Task item » Exclude the pictures, then copy all remaining records exactly.

+++++

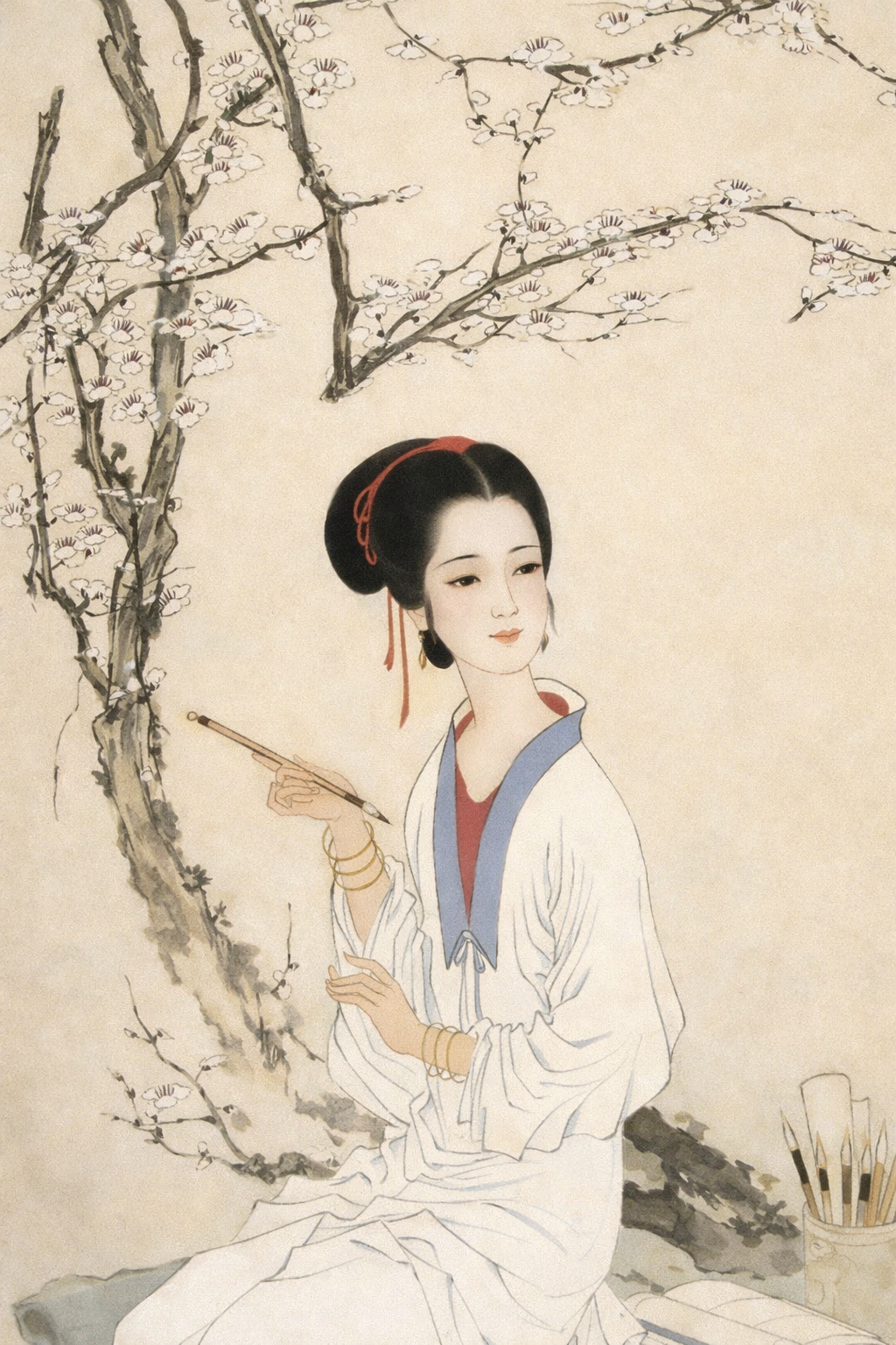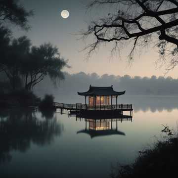 A slow-tempo Chinese ballad in a minor key opens with a delicate guqin motif, layered by sparse guzheng phrases and breathy, emotional female vocals, Xiao flute drifts over a reverb-laden, cinematic ambient bed, Minimal temple drum percussion softly marks key moments, keeping the atmosphere poetic and minimal
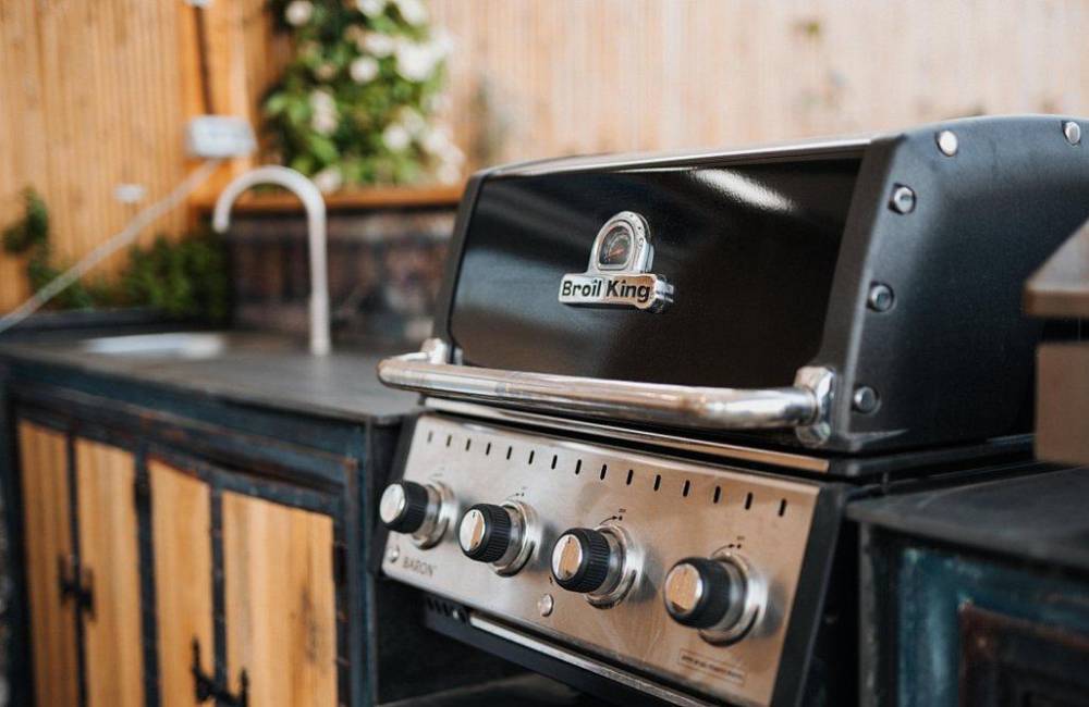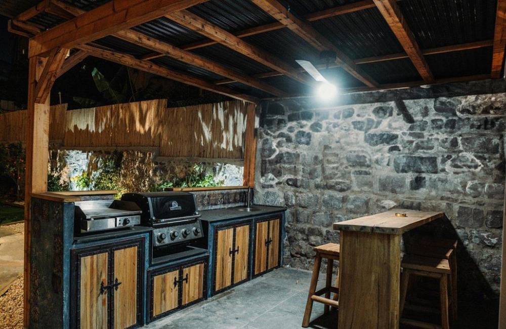 מטבח חוץ עם פינת ברביקיו על גז ופחמים, משטח עבודה, מקרר
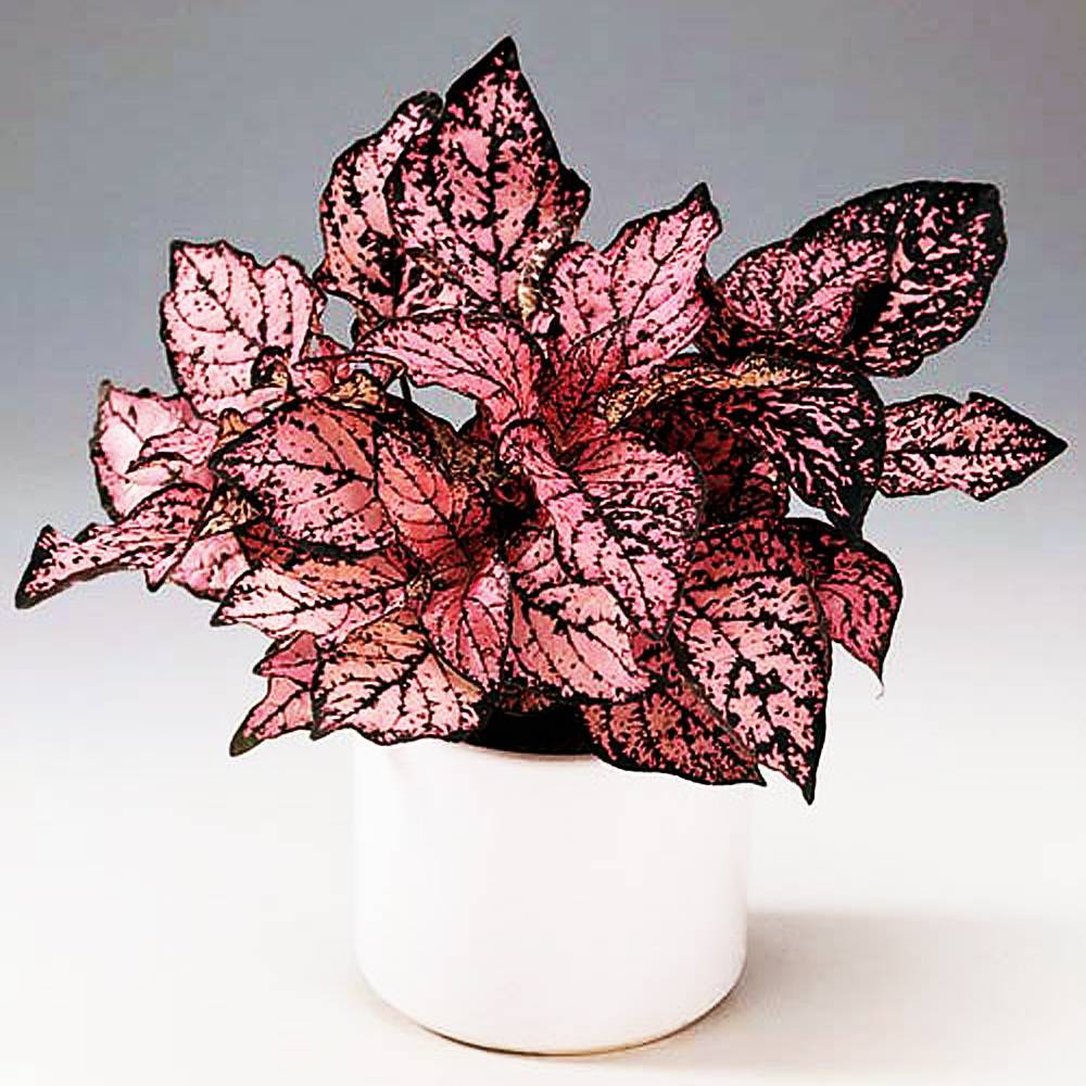 Как видно на фото, цветок с разноцветными листьями Hypoestes sanguinolenta имеет кроваво-красный оттенок, его листва покрыта бледно-розовыми пятнышками, особенно выразительными у разновидности Splash. Для поддержания кустистости прищипывают кончики побегов.
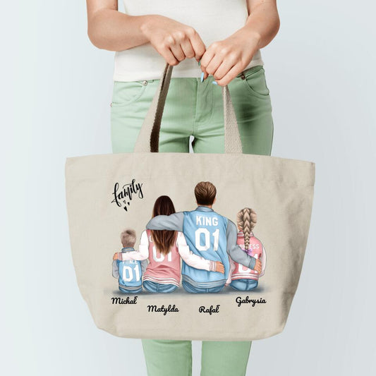 Torba materiałowa personalizowana rodzinna + 2 dzieci #P2
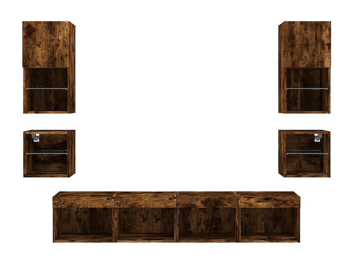Mobile TV multimediale mensola TV credenza TV sala da pranzo soggiorno camera da letto con LED 8 pezzi rovere affumicato legno ingegnerizzato marrone 02_0029480
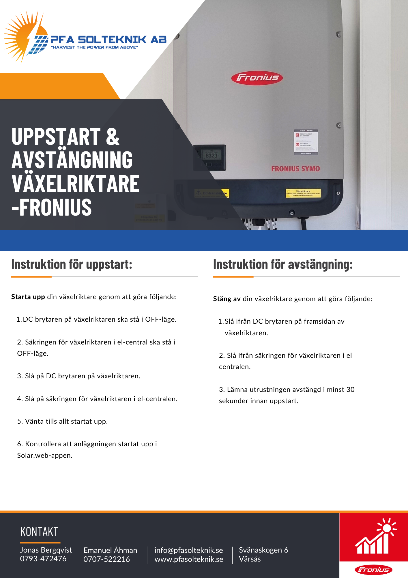 Har du problem med din solcellsanläggning, växelriktare, batteri eller annan installation vi gjort? Fyll i formuläret så kontaktar vi dig så snart som möjligt.

+++++

Result of the task »
 A slow-tempo Chinese ballad in a minor key opens with a delicate guqin motif, layered by sparse guzheng phrases and breathy, emotional female vocals, Xiao flute drifts over a reverb-laden, cinematic ambient bed, Minimal temple drum percussion softly marks key moments, keeping the atmosphere poetic and minimal
 מטבח חוץ עם פינת ברביקיו על גז ופחמים, משטח עבודה, מקרר
 Как видно на фото, цветок с разноцветными листьями Hypoestes sanguinolenta имеет кроваво-красный оттенок, его листва покрыта бледно-розовыми пятнышками, особенно выразительными у разновидности Splash. Для поддержания кустистости прищипывают кончики побегов.
 Torba materiałowa personalizowana rodzinna + 2 dzieci #P2
Mobile TV multimediale mensola TV credenza TV sala da pranzo soggiorno camera da letto con LED 8 pezzi rovere affumicato legno ingegnerizzato marrone 02_0029480
 Har du problem med din solcellsanläggning, växelriktare, batteri eller annan installation vi gjort? Fyll i formuläret så kontaktar vi dig så snart som möjligt.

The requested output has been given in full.